Encontrar

記事
· 2025年3月1日 7m read

IRIS Vector Search for Matching Companies and Climate Action

Hey, community! 👋

We are a team of Stanford students applying technology to make sense of climate action. AI excites us because we know we can quickly analyze huge amounts of text.

As we require more reports on sustainability, such as responsibility reports and financial statements, it can be challenging to cut through the noise of aspirations and get to the real action: what are companies doing

That’s why we built a tool to match companies with climate actions scraped from company sustainability reports.

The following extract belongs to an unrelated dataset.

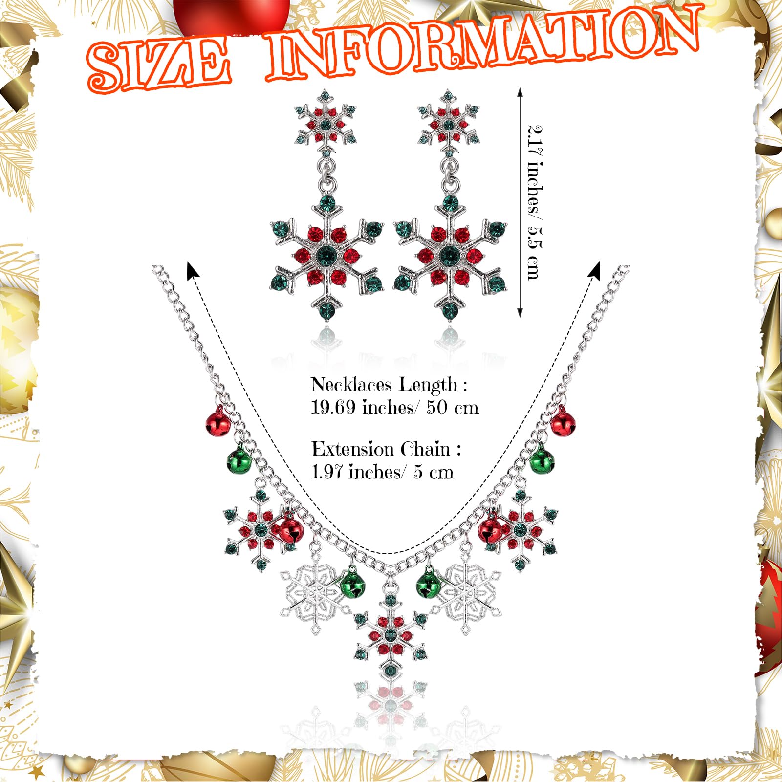 - Suitable Size for Most People: the Christmas necklaces for women are about 19.69 inches/ 50 cm in length with an extension chain of about 1.97 inches/ 5 cm, while the earrings are 2.17 inches/ 5.5 cm long; The size is suitable for most women, making it easy to wear and comfortable to move around in; The adjustable chain allows you to customize the length to fit your neck well; The earrings are also lightweight, so you won't feel weighed down by them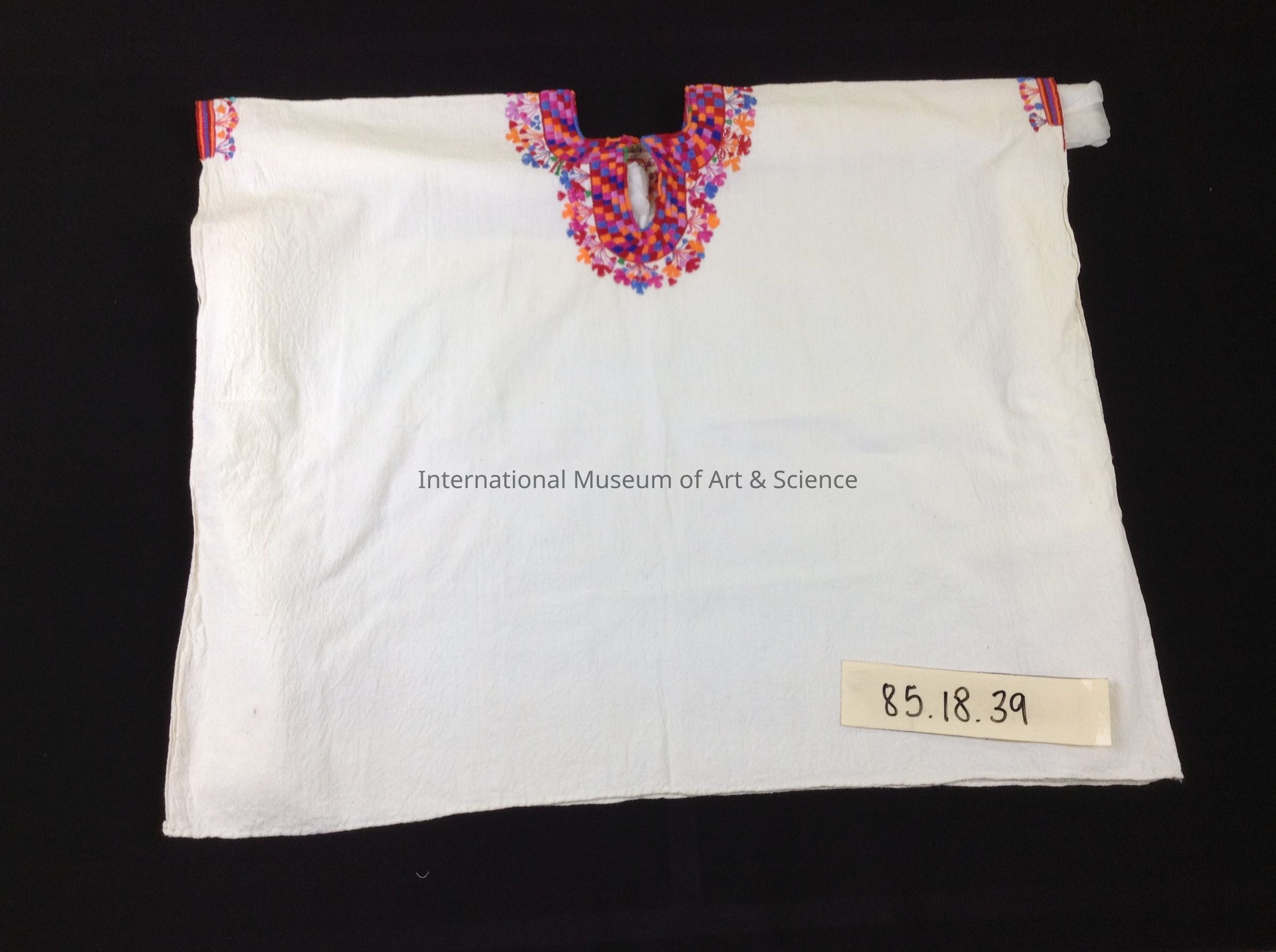 Blouse. White cotton blouse; square neck w/v-opening; bright multicolored embroidered floral and square motifs of violet, blue, orange & red.

In this post, we’ll show you how to implement this tool as a chatbot interfacing with an InterSystems IRIS vector database.

  • Step 1: Setup
  • Step 2: Create database table
  • Step 3: Embed content and populate database
  • Step 4: Use vector search with user input
  • Step 5: Find climate actions

Step 1: Setup

Make sure to download Docker and then follow the InterSystems community hackathon start guide. The guide walks you through creating a new database container and connecting to the locally hosted web database portal. Navigate to http://localhost:52773/csp/sys/UtilHome.csp and use the credentials username: demo, password: demo to login.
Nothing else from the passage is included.